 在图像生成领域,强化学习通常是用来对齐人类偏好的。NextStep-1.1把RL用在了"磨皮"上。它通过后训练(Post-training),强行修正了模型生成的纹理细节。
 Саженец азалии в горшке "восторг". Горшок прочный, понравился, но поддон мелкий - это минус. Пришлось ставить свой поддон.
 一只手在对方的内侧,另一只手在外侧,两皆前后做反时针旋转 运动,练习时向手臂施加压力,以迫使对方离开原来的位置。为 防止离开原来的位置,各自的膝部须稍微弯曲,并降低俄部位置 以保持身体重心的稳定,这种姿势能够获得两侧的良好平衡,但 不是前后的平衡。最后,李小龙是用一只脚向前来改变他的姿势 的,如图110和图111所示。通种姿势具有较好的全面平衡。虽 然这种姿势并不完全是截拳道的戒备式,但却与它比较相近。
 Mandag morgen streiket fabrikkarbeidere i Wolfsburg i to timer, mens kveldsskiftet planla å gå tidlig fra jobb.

══════════

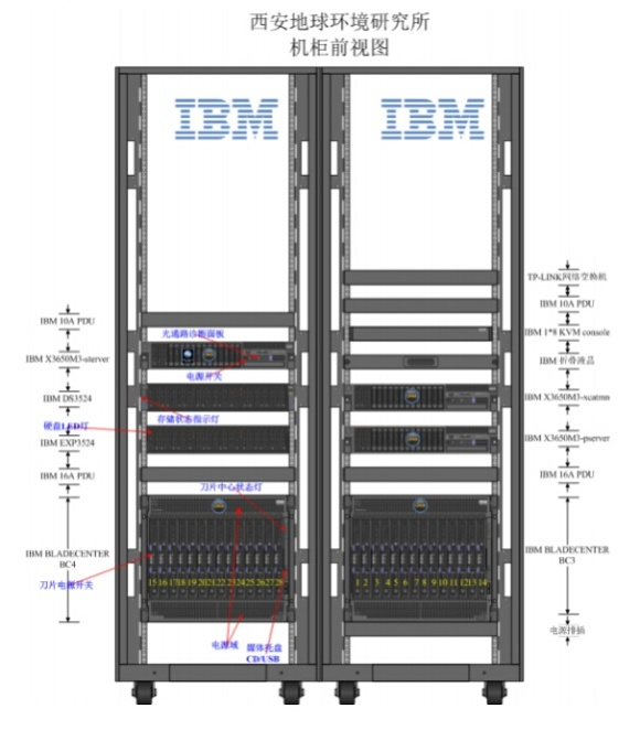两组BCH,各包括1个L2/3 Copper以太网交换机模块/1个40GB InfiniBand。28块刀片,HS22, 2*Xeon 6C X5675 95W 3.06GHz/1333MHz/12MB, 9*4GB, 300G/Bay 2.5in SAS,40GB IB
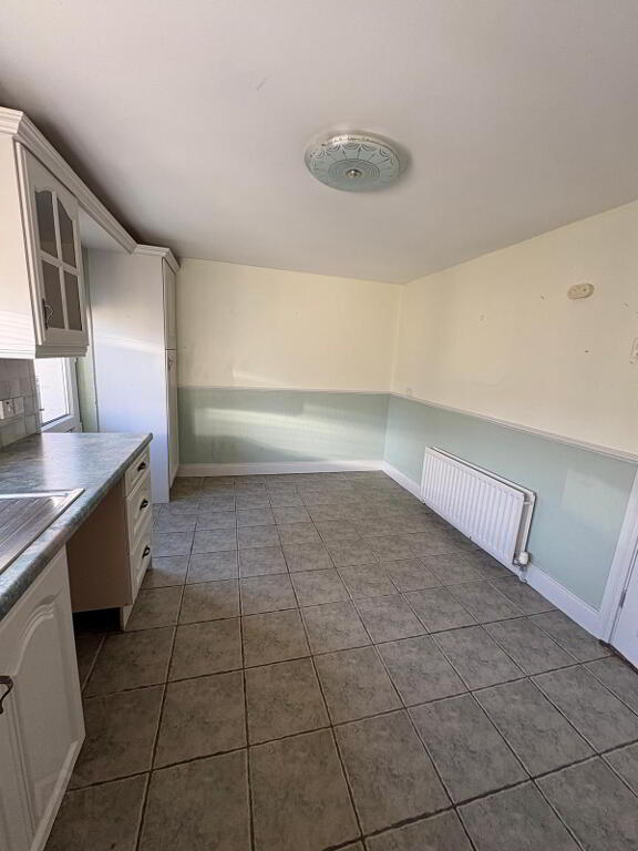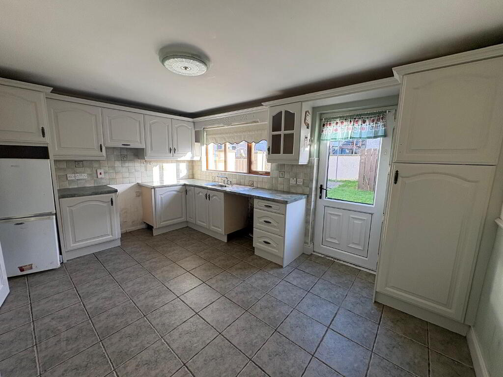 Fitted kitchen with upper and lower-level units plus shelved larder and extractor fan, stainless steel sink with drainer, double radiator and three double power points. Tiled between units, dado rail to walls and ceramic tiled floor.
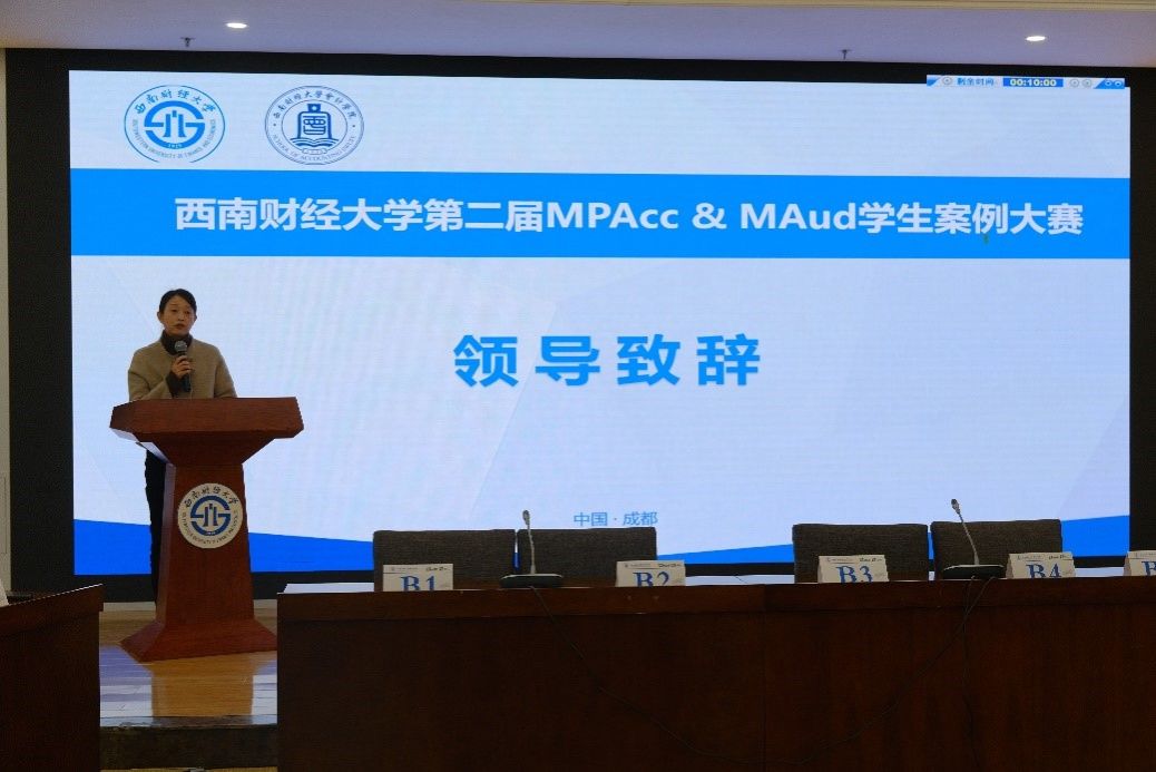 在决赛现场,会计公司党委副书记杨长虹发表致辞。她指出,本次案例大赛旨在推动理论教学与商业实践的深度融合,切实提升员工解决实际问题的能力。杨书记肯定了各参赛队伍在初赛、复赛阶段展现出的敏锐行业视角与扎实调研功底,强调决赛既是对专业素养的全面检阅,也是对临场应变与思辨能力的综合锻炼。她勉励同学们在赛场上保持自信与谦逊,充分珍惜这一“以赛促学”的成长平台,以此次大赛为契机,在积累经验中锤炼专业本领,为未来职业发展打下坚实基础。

══════════

* [The task]:
The lines to extract from the data above begin with the line containing "Саженец азалии в" and end with the line containing "Mandag morgen streiket". Extract them exactly, including both.

* [Written reply]:
 Саженец азалии в горшке "восторг". Горшок прочный, понравился, но поддон мелкий - это минус. Пришлось ставить свой поддон.
 一只手在对方的内侧,另一只手在外侧,两皆前后做反时针旋转 运动,练习时向手臂施加压力,以迫使对方离开原来的位置。为 防止离开原来的位置,各自的膝部须稍微弯曲,并降低俄部位置 以保持身体重心的稳定,这种姿势能够获得两侧的良好平衡,但 不是前后的平衡。最后,李小龙是用一只脚向前来改变他的姿势 的,如图110和图111所示。通种姿势具有较好的全面平衡。虽 然这种姿势并不完全是截拳道的戒备式,但却与它比较相近。
 Mandag morgen streiket fabrikkarbeidere i Wolfsburg i to timer, mens kveldsskiftet planla å gå tidlig fra jobb.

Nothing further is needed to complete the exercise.